What expanded wasn't a population of people that took over everything, however, but a population of "representations", or "memes", or "traits" (or however you want to label these things). A human population is necessary for these things to spread - they are just bits of information encoded in individual human brains, after all - but that population doesn't have to have been one that replaced others wherever it went and displayed absolute, or even majority, genetic continuity with the speakers of the proto-language - or, to extend the reasoning, the original users of the particular technology.***
It is important to remember that language, and other things of that nature, can only indicate a historical relationship of some kind, but not necessarily what the nature of the relationship is. It tell us that people met and spoke and had a relationship of sufficient duration and impact to leave linguistic evidence. But, simply, the fact that you speak English, or that you pass English onto your children, does not mean that you are the genetic descendent of Anglo-Saxon warriors, and speaking an Indo-European language doesn't make you Aryan.

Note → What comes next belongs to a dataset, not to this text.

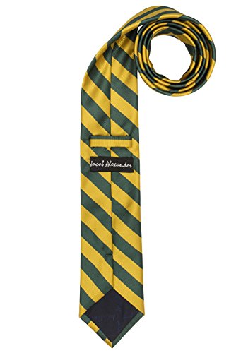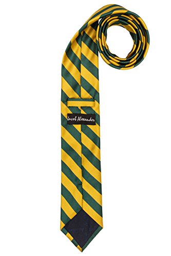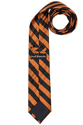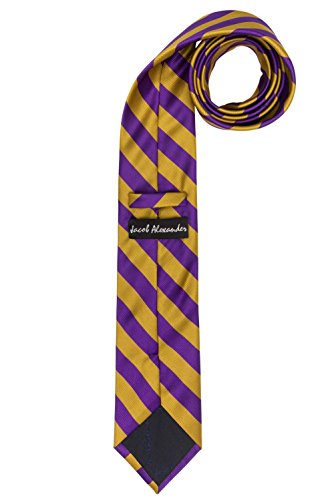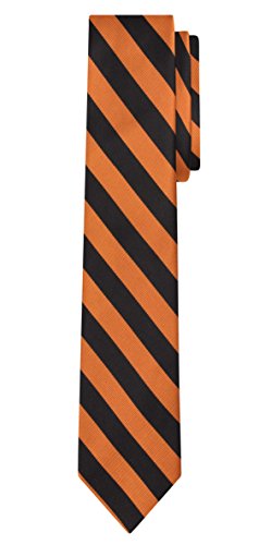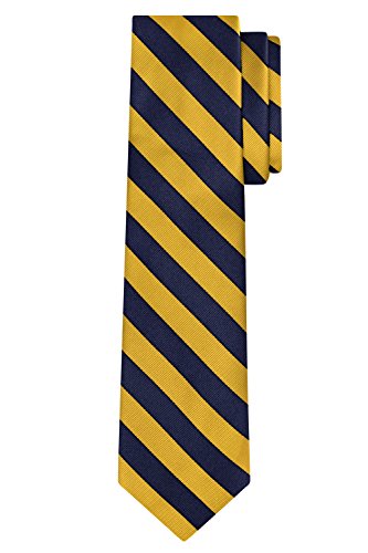 TIE: HIGH QUALITY PREMIUM Preppy School Stripe Tie with woven repp fabric for strong construction. Slim tie measures 2.75" x 58", the Regular tie measures 3.25" x 58", and the Extra Long tie measures 3.25" x 63". Wear these dual color bar stripes to pay homage to your school or favorite color combo. Stripes measure a well balance 3/4" wide.

* There are several non-Indo-European languages attested in Europe, including Basque, the Iberian languages (spoken before the mass arrival of Celts or Celtic culture), Etruscan, Finnish, Hungarian, Mordvin, and others. But most of Europe speaks an Indo-European language, as does about half of the world's population. In India the languages of the southern cone are Dravidian language, unrelated to Indo-European and likely indigenous to the subcontinent. The situation in the Caucasus and Greater Persia is more complicated due to Turkic migrations and the survival of some non-Indo-European language families.

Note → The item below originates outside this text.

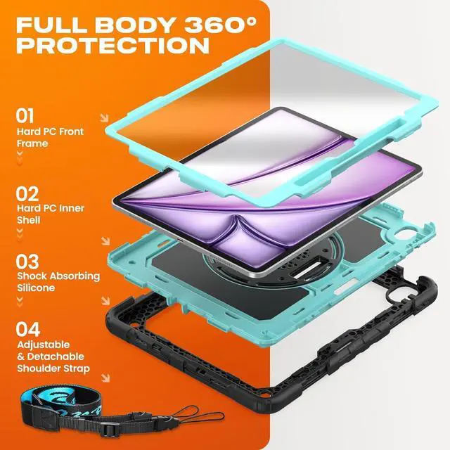 [Adjustable Hand & Shoulder Strap] Hold device comfortably one-handed with soft hand strap for presentations, navigation, document scanning; Adjustable,Detachable shoulder strap for a wide-range of users, carry your device by side and hands-free at all times, case for iPad Air 13 inch M4 M3 M2 suited for business/travel

** Racial terms are controversial and fuzzy at best, but the genetic evidence does point to a small population of fair-skinned invaders mixing with a large population of dark-skinned native people in northwest India - who seem to have had a developed and intricate social life themselves, based on evidence from the cities of the ancient Harappan civilization, which was pre-Indo-Aryan.
*** There are some indications of loanwords in proto-Indo-European, even. The PIE word for sun, *sóh₂wl̥, appears to come from an expression including the word "lamp" ("lamp of *Dyeus", *Dyeus being the hypothesised sky-father deity [ie, Zeus, Diuspiter, etc], is the phrase M. L. West plumps for), and the word doesn't seem to obey the usual rules of PIE derivation. West says, "...as a lamp is an item of material culture, we must reckon with the possibility that the old Indo-European word was originally a loan from another language. That might explain its unusual morphology."